In an era of decline for organized labour, an aggressive hospitality workers’ union is determined to turn menial labour into middle-class employment. To do so, they need to galvanize the recent immigrants who overwhelmingly staff the service industry. First stop, the Royal York

Battleground: the hotel union has co-opted celebrity guests, such as Martin Sheen, to draw attention to its cause (Photographs: Strikers by Cristal Cruz-Haicken; Street by Jerryb8/dreamstime.com/Getstock. Illustration by James Dawe)

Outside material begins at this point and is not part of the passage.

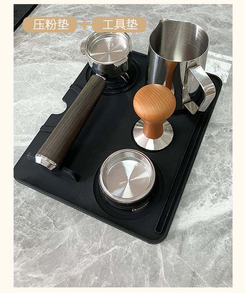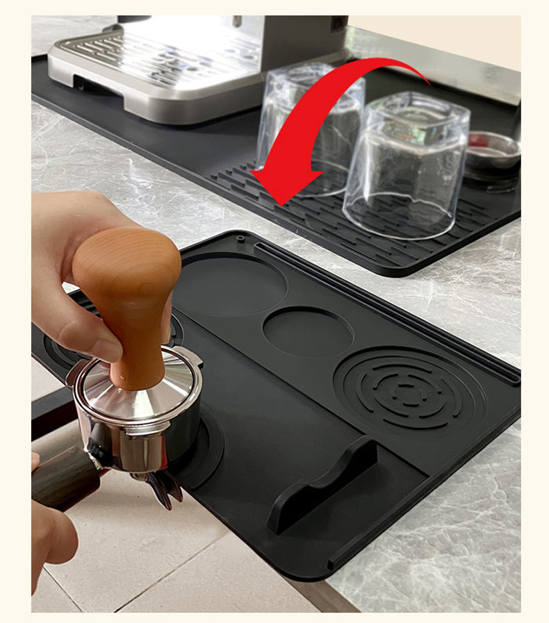 블랙 실리콘 커피머신 매트 + 탬핑 매트(2-in-1 세트)

On a warm morning last September, the managers of the Fairmont Royal York Hotel had a PR problem. The Toronto International Film Festival had just begun, and celebrities were trickling into the city. The 1,365-room downtown hotel was booked solid, and the lush Library Bar stocked with the ingredients for $14 TIFF Tinis, but outside on the sidewalk, hundreds of unionized Royal York workers were on strike, angrily accusing the hotel of exploiting them. They pounded on overturned buckets and exchanged call-and-response chants: “What do we want?” “Contract!” “When do we want it?” “Now!” And they marched back and forth across the grand Front Street entrance singing “We want a contract” to the tune of K’naan’s “Wavin’ Flag,” and hoisting red and black banners emblazoned with the logo of UNITE HERE, the aggressive international union that represents 8,000 hospitality workers across the GTA.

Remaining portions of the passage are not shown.